ANBB: Mimikry

ANBB: Alva Noto and Blixa Bargeld
Mimikry
Raster-Norton

Though they immediately seem incongruent figureheads that are generationally disparate, Alva Noto’s Carsten Nicolai and Einsturzende Neubaten’s Blixa Bargeld are actually ideal collaborators. While Nicolai tends to mediate through computer screens and Bargeld is associated more with the tactile and the physical, they’re both experts at turning the kling klang of modernity, whether that be the collapsing of new buildings or short-circuiting networked hardware, into an audible aesthetic. Yet, the sheer size difference between the urban space and the digital byte is something that Nicolai and Bargeld fail to reconcile on Mimikry.

Their second release after the EP Ret Marut Handshake (four of five tracks of which appear here), Mimikry finds the duo rarely grating off into pure noise (there’s about three seconds at the end of “Wurst”), but instead lingers in ambient dread. Over this whirring and droning mess, Bargeld is as creepy as ever, perhaps because his grandfatherly voice now sounds like his next gig will be in the studio next door recording nursery rhymes. At times this can be great, and when he lets loose in a Gollum-like squeal on “Once Again”, we’re reminded of why Bargeld has aged quite gracefully since his formative work in the early 1980s. However, his bass voice against the thin glitches of Nicolai can often affix awkwardly, particularly since much of the record focuses on irregular time signatures and beat shapes.

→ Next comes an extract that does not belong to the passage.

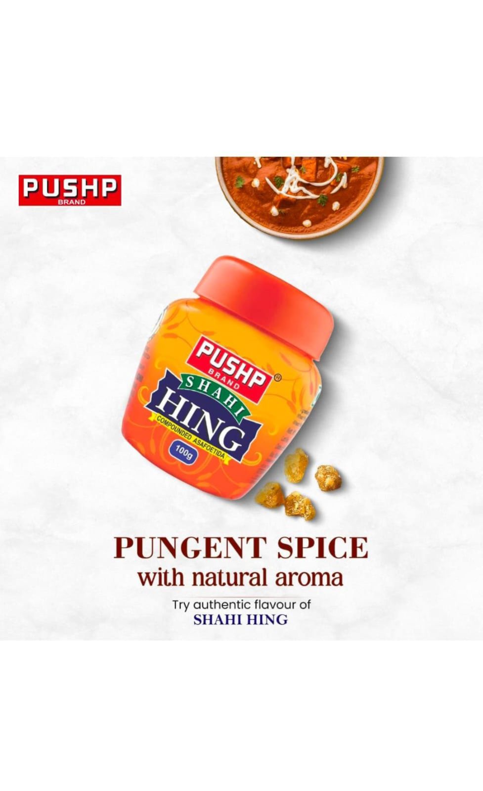 Pushp Brand Asafoetida Hing Jar (100g) - Strongest Compounded Pure Hing Powder

That’s why the best cuts tend to be those like the art-film soundtrack “Fall”, the ten minute opener which stretches a scream into eternity before making unexpected turns into spooky narrative and an odd exorcism of Dead Can Dance, and “Bernsteinzimmer (long version)”, a Miasmah Records-style glacial drone with a heartbeat and a tortured Bargeld slowly emerging from it.